DACA has been around for ten years, but no one is celebrating because no permanent solution has been found. Mya Jaradat explained that the Deferred Action for Childhood Arrivals (DACA) “allows some of those who were brought to America by undocumented parents to stay in the country legally and work.” However, “the policy excludes many people in similar circumstances – sometimes even siblings. This situation leads to mixed-status families that live under threat of losing immediate family members to deportation.”
DACA is a program that was put in place under President Barack Obama. Participants in the program are also known as “Dreamers.” They do not have a path to citizenship, and they tend to live in the “shadows” of American life. However, they can attend college or university but without the benefit of federal financial aid. Some states withhold the privilege of driver’s licenses, and they are limited in their choice of professions because they cannot meet the requirements for certification due to their temporary status.
“Dreamers” have been in limbo since the early days of DACA. Some religious leaders are pushing the government to find “bipartisan solutions that will give DACA holders permanent status.” DACA recipients and their families are uncertain about their future in the United States.

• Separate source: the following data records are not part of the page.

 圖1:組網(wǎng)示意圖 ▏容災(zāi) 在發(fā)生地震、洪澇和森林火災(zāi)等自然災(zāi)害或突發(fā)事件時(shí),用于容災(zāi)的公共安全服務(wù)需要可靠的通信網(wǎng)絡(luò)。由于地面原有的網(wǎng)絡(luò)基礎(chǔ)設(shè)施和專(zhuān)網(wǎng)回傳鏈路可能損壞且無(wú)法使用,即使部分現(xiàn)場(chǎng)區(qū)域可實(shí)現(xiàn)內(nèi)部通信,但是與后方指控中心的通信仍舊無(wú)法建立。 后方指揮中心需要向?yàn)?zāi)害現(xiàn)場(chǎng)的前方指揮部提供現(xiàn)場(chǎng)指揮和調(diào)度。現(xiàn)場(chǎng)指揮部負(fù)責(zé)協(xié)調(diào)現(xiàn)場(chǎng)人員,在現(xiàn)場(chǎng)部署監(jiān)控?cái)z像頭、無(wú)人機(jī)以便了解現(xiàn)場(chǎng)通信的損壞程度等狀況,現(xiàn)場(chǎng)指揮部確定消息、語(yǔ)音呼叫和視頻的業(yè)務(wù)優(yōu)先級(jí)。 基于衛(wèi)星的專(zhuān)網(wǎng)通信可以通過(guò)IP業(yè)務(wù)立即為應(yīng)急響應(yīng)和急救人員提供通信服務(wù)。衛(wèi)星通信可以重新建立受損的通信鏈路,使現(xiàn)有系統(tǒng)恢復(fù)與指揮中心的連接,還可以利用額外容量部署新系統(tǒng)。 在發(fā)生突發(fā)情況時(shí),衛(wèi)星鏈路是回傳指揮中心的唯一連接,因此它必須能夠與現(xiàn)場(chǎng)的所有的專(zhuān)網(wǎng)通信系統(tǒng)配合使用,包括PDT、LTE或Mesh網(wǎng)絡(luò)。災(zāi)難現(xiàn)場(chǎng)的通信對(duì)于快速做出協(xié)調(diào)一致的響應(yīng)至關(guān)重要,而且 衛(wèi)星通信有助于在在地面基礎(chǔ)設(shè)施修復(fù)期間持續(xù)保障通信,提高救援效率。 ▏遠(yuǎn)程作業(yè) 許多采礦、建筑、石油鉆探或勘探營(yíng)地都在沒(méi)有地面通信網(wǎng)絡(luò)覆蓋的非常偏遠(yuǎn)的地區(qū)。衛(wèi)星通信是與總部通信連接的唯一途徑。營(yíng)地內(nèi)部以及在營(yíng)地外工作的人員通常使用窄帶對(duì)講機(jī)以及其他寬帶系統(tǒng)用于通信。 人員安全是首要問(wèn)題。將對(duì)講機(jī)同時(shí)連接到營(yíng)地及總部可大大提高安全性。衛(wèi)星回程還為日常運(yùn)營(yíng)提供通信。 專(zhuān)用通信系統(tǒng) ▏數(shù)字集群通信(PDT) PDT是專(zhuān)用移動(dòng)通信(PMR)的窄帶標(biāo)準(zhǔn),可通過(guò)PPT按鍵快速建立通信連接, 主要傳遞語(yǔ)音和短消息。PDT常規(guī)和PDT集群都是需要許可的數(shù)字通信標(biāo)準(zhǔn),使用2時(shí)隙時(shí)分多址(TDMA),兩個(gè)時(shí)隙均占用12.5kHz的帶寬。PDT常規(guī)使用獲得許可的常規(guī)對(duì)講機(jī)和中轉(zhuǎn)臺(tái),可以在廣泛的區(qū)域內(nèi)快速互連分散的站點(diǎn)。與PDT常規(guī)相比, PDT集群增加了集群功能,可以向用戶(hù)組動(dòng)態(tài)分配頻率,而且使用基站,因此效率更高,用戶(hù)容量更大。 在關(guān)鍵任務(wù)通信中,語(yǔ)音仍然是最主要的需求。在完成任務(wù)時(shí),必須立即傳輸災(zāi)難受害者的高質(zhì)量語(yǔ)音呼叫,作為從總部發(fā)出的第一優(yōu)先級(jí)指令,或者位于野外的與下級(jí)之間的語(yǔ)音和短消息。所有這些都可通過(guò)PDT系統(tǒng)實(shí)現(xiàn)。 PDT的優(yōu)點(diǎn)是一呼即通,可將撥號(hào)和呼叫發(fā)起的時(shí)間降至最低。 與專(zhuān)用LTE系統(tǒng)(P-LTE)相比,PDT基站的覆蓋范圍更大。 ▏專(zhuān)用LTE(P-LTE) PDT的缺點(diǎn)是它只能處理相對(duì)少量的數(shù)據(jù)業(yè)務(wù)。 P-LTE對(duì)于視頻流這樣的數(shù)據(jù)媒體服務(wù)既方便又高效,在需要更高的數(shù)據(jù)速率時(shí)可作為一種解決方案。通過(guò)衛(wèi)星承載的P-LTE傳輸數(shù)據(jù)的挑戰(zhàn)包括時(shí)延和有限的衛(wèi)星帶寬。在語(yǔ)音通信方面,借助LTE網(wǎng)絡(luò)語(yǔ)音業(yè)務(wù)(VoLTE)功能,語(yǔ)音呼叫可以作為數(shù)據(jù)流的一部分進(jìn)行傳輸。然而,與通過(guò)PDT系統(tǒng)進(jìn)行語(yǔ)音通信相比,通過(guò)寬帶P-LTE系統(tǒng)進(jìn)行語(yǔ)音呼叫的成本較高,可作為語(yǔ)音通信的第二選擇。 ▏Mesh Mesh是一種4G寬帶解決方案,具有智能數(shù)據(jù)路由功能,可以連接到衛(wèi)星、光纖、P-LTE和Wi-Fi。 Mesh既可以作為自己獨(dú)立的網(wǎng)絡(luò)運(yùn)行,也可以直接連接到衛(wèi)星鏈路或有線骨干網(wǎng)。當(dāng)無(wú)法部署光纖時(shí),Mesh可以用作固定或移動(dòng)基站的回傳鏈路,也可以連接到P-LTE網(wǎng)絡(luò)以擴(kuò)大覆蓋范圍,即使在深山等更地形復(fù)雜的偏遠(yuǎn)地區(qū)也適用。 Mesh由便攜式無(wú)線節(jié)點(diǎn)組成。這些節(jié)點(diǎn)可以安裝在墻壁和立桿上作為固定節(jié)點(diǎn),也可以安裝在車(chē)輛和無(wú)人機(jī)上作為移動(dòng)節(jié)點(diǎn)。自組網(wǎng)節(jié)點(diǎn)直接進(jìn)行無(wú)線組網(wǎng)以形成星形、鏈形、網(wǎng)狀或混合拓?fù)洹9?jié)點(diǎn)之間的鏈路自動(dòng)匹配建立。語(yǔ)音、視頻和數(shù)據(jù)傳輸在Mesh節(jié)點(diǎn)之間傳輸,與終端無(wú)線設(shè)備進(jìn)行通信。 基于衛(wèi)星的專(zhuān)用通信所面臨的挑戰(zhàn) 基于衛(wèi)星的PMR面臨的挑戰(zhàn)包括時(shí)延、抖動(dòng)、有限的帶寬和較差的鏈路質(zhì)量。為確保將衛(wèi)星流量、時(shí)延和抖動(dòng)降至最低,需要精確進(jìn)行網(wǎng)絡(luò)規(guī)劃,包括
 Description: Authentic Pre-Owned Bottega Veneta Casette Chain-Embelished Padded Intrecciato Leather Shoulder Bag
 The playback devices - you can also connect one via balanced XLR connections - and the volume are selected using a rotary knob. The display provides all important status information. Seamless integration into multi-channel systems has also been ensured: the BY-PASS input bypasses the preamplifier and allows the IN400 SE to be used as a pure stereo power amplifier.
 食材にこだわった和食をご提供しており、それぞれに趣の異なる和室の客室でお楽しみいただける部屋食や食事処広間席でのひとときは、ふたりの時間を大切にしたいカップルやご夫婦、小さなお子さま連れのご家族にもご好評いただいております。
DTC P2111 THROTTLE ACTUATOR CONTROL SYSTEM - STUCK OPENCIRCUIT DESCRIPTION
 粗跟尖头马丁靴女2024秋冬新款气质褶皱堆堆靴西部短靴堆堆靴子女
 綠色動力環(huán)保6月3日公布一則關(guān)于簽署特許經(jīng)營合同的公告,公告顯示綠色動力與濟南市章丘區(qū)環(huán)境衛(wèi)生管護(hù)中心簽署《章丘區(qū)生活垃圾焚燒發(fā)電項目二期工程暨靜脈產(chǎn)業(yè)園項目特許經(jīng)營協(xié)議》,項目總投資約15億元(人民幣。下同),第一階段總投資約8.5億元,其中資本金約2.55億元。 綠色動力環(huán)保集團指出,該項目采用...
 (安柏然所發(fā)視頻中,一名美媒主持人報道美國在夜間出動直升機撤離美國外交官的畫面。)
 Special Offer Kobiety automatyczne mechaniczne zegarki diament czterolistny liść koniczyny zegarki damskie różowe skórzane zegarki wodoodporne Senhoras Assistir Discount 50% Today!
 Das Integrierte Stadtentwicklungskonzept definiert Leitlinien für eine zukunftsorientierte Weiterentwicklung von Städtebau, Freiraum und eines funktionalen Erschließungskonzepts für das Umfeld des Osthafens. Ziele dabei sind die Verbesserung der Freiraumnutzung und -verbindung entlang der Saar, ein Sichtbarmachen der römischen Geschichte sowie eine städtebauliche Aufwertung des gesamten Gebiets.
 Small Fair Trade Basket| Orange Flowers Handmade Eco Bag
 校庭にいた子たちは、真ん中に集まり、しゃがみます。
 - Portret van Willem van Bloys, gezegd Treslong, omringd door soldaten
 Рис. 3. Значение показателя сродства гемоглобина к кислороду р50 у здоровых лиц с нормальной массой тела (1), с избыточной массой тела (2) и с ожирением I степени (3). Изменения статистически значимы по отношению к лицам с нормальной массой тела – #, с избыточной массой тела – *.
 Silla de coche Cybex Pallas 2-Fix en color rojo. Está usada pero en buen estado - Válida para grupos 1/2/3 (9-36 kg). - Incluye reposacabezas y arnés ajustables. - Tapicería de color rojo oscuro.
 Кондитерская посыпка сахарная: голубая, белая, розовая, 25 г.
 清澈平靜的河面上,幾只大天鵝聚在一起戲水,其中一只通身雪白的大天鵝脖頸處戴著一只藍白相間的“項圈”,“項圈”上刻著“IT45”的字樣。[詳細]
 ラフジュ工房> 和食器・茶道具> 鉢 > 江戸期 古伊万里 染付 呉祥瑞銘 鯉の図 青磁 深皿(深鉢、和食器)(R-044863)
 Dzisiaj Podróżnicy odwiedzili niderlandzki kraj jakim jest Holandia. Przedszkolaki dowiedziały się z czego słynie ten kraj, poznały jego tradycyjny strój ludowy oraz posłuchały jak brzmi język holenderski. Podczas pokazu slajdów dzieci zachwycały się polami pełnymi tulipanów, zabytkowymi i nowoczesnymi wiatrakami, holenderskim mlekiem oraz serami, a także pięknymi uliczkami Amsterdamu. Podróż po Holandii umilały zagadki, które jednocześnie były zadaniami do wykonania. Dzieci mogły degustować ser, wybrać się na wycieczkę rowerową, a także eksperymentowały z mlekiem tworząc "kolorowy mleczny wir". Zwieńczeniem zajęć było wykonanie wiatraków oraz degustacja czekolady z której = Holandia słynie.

Their families include “hundreds of thousands of U.S.-citizen children.” Other religious leaders work for “wide scale immigration reform.” A recent poll by the National Immigration Forum had the following results:
Asked about the potential for bipartisan efforts to “strengthen border security, create a pathway to citizenship for undocumented immigrants who came to the United States as children and ensure a legal, reliable workforce for America’s farmers and ranchers,” 79% of Americans said they support such initiatives….. Most of those surveyed – 72% -- said they would like to see this happen before November 2022 midterm elections.
The same survey found that 81% of white evangelicals – a group that is often depicted as hostile to immigration – said they would support work on a bipartisan package that addresses the three issues of DACA, border security and migrant farmworkers…. Almost the same number of evangelical Protestants support a bipartisan initiative for immigration reform.
I do not support any initiative that rewards illegal entry into the United States with citizenship. However, I could support making the “Dreamers” legal residents. Nevertheless, I believe that the border must be secured first.